▶ _Your objective_: Go through the records below and restate each one word for word.

_ _ _ _ _ _ _

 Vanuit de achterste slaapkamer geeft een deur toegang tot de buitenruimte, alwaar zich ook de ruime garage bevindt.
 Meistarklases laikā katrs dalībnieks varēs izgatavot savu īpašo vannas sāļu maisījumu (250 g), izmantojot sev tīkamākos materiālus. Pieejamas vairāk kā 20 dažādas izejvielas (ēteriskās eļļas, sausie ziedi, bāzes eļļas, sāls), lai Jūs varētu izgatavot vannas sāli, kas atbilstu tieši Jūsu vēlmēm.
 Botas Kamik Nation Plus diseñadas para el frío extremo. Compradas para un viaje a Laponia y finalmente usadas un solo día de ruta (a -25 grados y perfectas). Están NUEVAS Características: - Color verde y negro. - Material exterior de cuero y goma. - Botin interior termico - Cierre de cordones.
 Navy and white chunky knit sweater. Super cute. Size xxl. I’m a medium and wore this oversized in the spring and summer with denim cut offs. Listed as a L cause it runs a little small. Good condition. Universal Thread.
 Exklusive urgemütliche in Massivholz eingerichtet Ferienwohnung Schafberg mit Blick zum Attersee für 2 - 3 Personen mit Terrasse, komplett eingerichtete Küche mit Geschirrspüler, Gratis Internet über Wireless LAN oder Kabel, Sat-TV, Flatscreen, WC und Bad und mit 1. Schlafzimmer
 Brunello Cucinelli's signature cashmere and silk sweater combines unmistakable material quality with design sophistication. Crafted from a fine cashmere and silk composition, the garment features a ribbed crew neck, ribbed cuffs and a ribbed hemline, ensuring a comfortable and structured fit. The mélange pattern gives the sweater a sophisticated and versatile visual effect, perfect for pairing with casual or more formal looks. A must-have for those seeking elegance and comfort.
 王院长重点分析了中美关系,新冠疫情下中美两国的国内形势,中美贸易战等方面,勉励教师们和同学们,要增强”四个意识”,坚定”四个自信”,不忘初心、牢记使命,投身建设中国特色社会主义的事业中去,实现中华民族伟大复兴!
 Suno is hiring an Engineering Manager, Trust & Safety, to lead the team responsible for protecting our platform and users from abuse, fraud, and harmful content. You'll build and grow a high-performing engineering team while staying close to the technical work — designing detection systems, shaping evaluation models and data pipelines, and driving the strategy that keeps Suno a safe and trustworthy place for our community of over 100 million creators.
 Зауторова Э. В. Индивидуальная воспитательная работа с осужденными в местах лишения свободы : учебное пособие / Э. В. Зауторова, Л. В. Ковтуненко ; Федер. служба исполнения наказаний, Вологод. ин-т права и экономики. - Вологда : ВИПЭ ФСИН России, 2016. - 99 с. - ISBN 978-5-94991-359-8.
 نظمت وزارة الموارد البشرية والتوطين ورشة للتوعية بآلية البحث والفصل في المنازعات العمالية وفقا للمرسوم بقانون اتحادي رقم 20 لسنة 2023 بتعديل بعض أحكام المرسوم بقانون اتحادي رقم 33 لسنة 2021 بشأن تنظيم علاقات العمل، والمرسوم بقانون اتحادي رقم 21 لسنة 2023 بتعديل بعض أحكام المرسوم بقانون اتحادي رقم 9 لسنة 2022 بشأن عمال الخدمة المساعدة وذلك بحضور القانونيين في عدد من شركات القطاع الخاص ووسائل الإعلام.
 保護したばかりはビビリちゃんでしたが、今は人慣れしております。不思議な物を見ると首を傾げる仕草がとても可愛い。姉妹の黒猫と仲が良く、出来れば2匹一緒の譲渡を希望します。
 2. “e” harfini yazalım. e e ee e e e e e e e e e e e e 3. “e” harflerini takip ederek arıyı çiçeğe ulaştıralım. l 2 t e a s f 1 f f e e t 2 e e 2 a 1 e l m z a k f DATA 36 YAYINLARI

_ _ _ _ _ _ _

▶ _Solved problem_:
 Vanuit de achterste slaapkamer geeft een deur toegang tot de buitenruimte, alwaar zich ook de ruime garage bevindt.
 Meistarklases laikā katrs dalībnieks varēs izgatavot savu īpašo vannas sāļu maisījumu (250 g), izmantojot sev tīkamākos materiālus. Pieejamas vairāk kā 20 dažādas izejvielas (ēteriskās eļļas, sausie ziedi, bāzes eļļas, sāls), lai Jūs varētu izgatavot vannas sāli, kas atbilstu tieši Jūsu vēlmēm.
 Botas Kamik Nation Plus diseñadas para el frío extremo. Compradas para un viaje a Laponia y finalmente usadas un solo día de ruta (a -25 grados y perfectas). Están NUEVAS Características: - Color verde y negro. - Material exterior de cuero y goma. - Botin interior termico - Cierre de cordones.
 Navy and white chunky knit sweater. Super cute. Size xxl. I’m a medium and wore this oversized in the spring and summer with denim cut offs. Listed as a L cause it runs a little small. Good condition. Universal Thread.
 Exklusive urgemütliche in Massivholz eingerichtet Ferienwohnung Schafberg mit Blick zum Attersee für 2 - 3 Personen mit Terrasse, komplett eingerichtete Küche mit Geschirrspüler, Gratis Internet über Wireless LAN oder Kabel, Sat-TV, Flatscreen, WC und Bad und mit 1. Schlafzimmer
 Brunello Cucinelli's signature cashmere and silk sweater combines unmistakable material quality with design sophistication. Crafted from a fine cashmere and silk composition, the garment features a ribbed crew neck, ribbed cuffs and a ribbed hemline, ensuring a comfortable and structured fit. The mélange pattern gives the sweater a sophisticated and versatile visual effect, perfect for pairing with casual or more formal looks. A must-have for those seeking elegance and comfort.
 王院长重点分析了中美关系,新冠疫情下中美两国的国内形势,中美贸易战等方面,勉励教师们和同学们,要增强”四个意识”,坚定”四个自信”,不忘初心、牢记使命,投身建设中国特色社会主义的事业中去,实现中华民族伟大复兴!
 Suno is hiring an Engineering Manager, Trust & Safety, to lead the team responsible for protecting our platform and users from abuse, fraud, and harmful content. You'll build and grow a high-performing engineering team while staying close to the technical work — designing detection systems, shaping evaluation models and data pipelines, and driving the strategy that keeps Suno a safe and trustworthy place for our community of over 100 million creators.
 Зауторова Э. В. Индивидуальная воспитательная работа с осужденными в местах лишения свободы : учебное пособие / Э. В. Зауторова, Л. В. Ковтуненко ; Федер. служба исполнения наказаний, Вологод. ин-т права и экономики. - Вологда : ВИПЭ ФСИН России, 2016. - 99 с. - ISBN 978-5-94991-359-8.
 نظمت وزارة الموارد البشرية والتوطين ورشة للتوعية بآلية البحث والفصل في المنازعات العمالية وفقا للمرسوم بقانون اتحادي رقم 20 لسنة 2023 بتعديل بعض أحكام المرسوم بقانون اتحادي رقم 33 لسنة 2021 بشأن تنظيم علاقات العمل، والمرسوم بقانون اتحادي رقم 21 لسنة 2023 بتعديل بعض أحكام المرسوم بقانون اتحادي رقم 9 لسنة 2022 بشأن عمال الخدمة المساعدة وذلك بحضور القانونيين في عدد من شركات القطاع الخاص ووسائل الإعلام.
 保護したばかりはビビリちゃんでしたが、今は人慣れしております。不思議な物を見ると首を傾げる仕草がとても可愛い。姉妹の黒猫と仲が良く、出来れば2匹一緒の譲渡を希望します。
 2. “e” harfini yazalım. e e ee e e e e e e e e e e e e 3. “e” harflerini takip ederek arıyı çiçeğe ulaştıralım. l 2 t e a s f 1 f f e e t 2 e e 2 a 1 e l m z a k f DATA 36 YAYINLARI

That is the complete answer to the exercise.